Inside VAKRA: Reasoning, Tool Use, and Failure Modes of Agents
Summary
VAKRA is an executable benchmark designed to evaluate the reasoning and tool-use capabilities of AI agents within enterprise-like environments. It moves beyond testing isolated skills by measuring compositional reasoning across a large-scale set of APIs and documents using full execution traces.
Key Points
- The benchmark features over 8,000 locally hosted APIs across 62 domains, paired with domain-aligned document collections.
- It evaluates four distinct capabilities: API Chaining, Tool Selection, Multi-Hop Reasoning, and Multi-Hop/Multi-Source Reasoning with Policy Adherence.
- Capability 1 (API Chaining) utilizes the SLOT-BIRD and SEL-BIRD collections, requiring agents to execute 1–12 tool calls per instance.
- Capability 2 (Tool Selection) uses the REST-BIRD collection, where domains contain between 6 and 328 tools, necessitating a shortlisting mechanism to comply with the 128-tool limit of the OpenAI API Specification.
- Capability 4 introduces multi-turn dialogs and tool-use policies, where agents must follow plain-text instructions regarding which knowledge sources to access.
- The evaluation uses a waterfall-style pipeline that verifies policy adherence, compares predicted tool-call trajectories against ground truth, and finally assesses response correctness.
Technical Details
The VAKRA environment is built on MCP (Model Context Protocol) servers. In the API Chaining task, a specialized get_data(tool_universe_id=id) tool is used to initialize data sources and provide a lightweight preview of the dataset. This design prevents the inefficient transfer of large datasets over the MCP protocol by storing the full dataset server-side. The SEL-BIRD collection extends the generic SLOT-BIRD set by introducing specialized tools and query-specific getters (e.g., get_KEY_NAME) for an average of four functions per instance.

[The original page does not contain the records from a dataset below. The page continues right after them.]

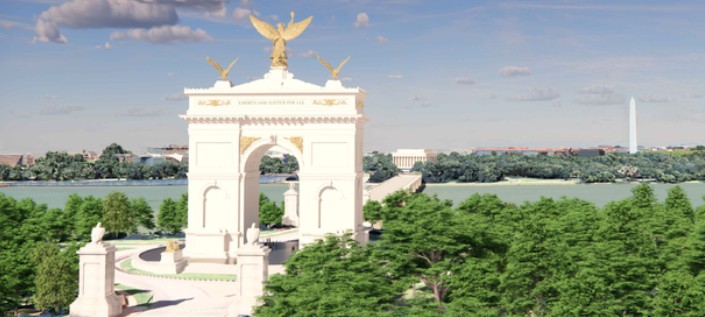 根据Harrison Design提交的效果图,这座拟建拱门在风格上与巴黎凯旋门颇为相似,但高度将比后者高出近100英尺。设计方案显示,拱门顶部将装饰两只展翅的雄鹰,以及一尊戴皇冠、带有双翼的人物镀金青铜雕像。拱门两侧分别刻有“上帝庇佑下的国度”和“人人享有自由与正义”的铭文,两侧还将安置金色的雄狮雕像。建成后,这座拱门将矗立于林肯纪念堂与阿灵顿国家公墓之间。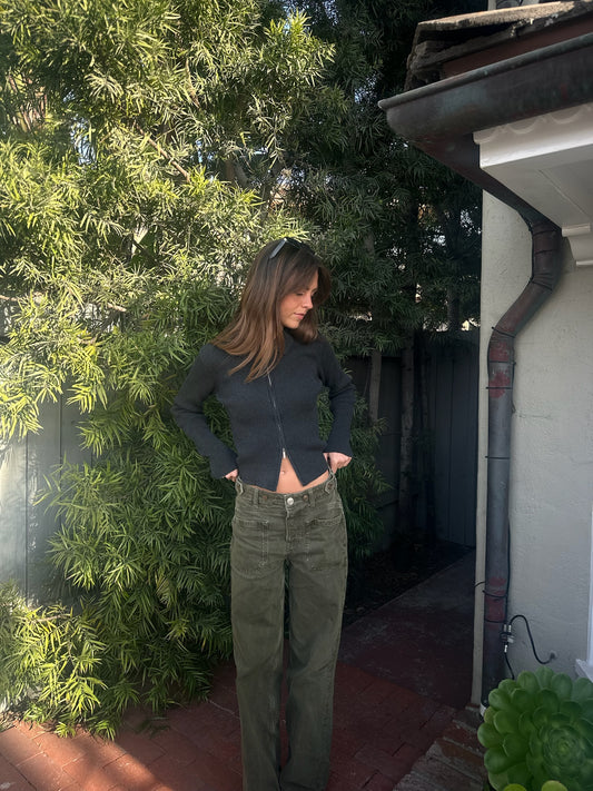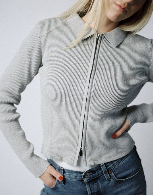 The Kieran Top | Collared Zip-Up Knit Top (Grey)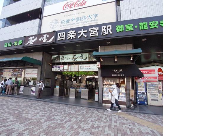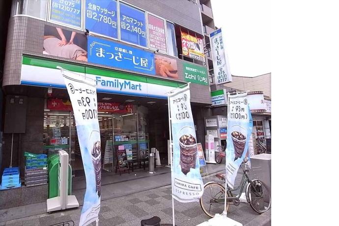 スーパー(フレスコ 大宮店)400m、コンビニ(ファミリーマート四条猪熊店)210m、ドラッグストア(ドラッグユタカ 四条大宮店)400m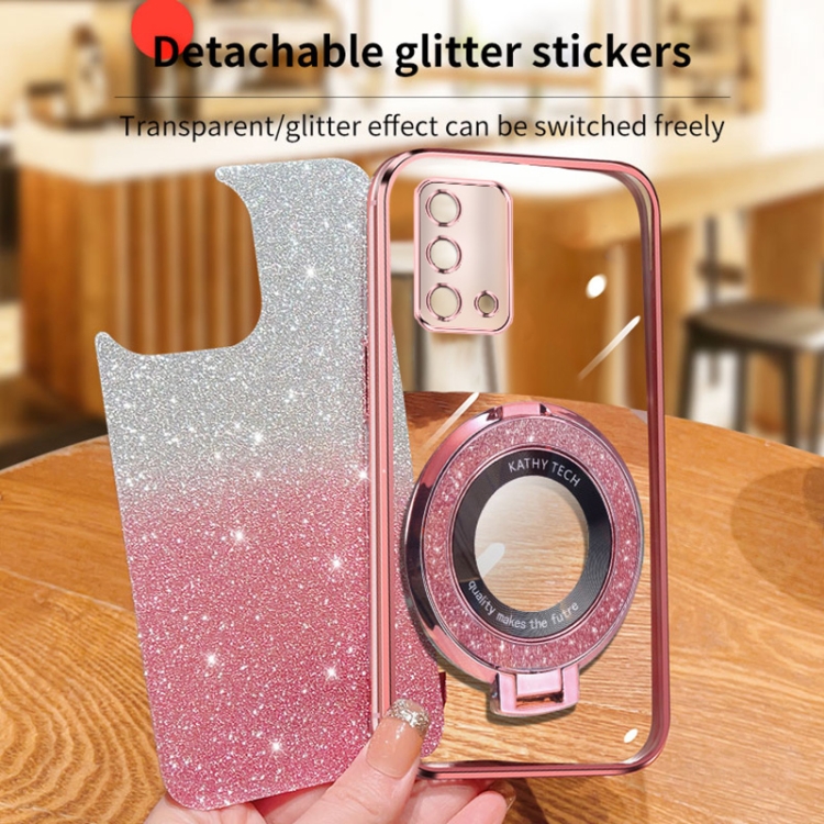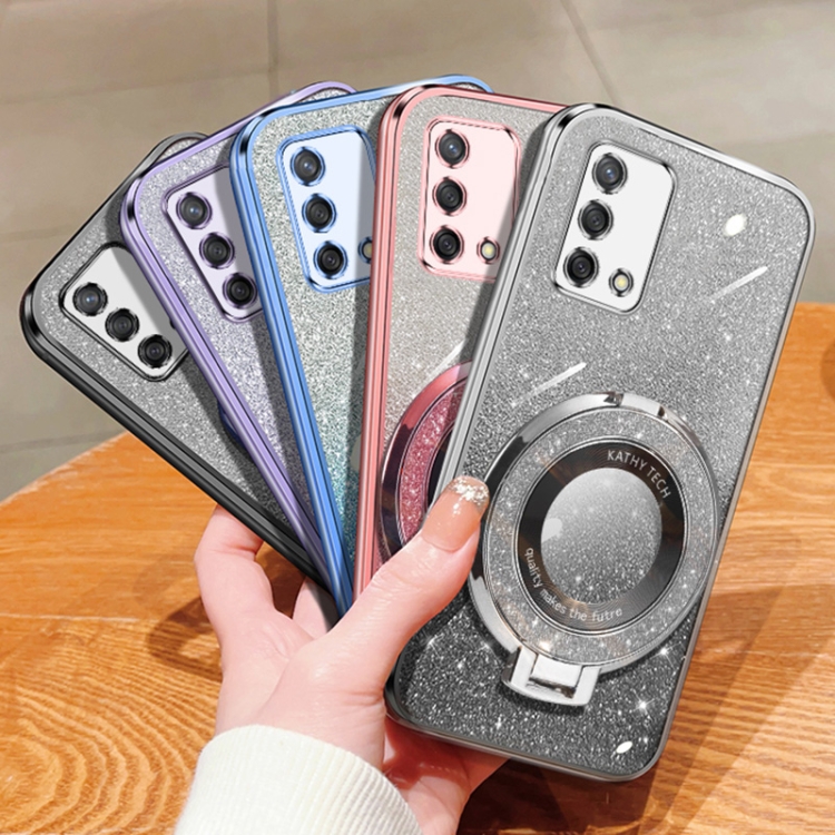 Funda de Teléfono de TPU con Soporte Redondo y Purpurina Degradada para Oppo A74 4G (Morado)
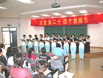 大会最后,初中的少先队员为老师们表演了精彩的诗朗诵,赢得老师们热烈的掌声。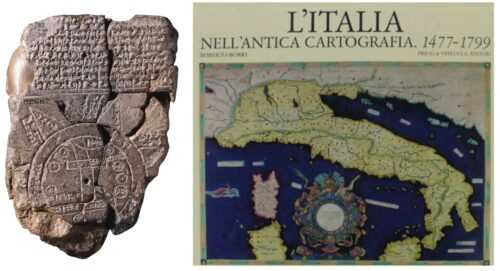 Nella foto: la Mappa Mundi Babilonese ed una antica Carta d’Italia (dal web)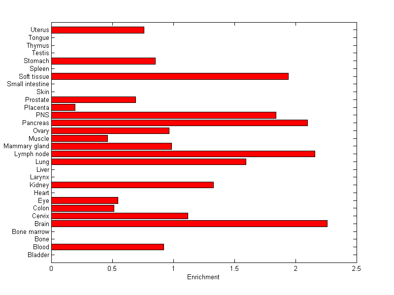 The expression level is normalized with tissue-library size. Each value for a gene in a tissue is a ratio of observed ESTs to the expected one in this tissue. The expected number of ESTs is the product of total ESTs of the gene and the fraction of total ESTs in the tissue among all ESTs in 30 tissues.

For multi-source reasoning tasks, the benchmark implements a decontamination process during data generation. This ensures that the information required for any specific logical hop is available in only one source (either an API or a RAG-based document index), preventing the agent from using leaked information from the wrong source. The evaluation metric is execution-centric; rather than simple string matching, the framework executes the agent's predicted tool calls in the environment and compares the resulting tool responses against the ground truth to support alternative but valid reasoning paths.
Impact / Why It Matters
VAKRA provides developers with a rigorous framework to identify specific failure modes in agentic workflows, particularly regarding tool selection and policy adherence. It allows for the testing of complex, multi-step reasoning chains in a controlled, executable environment that mimics real-world enterprise constraints.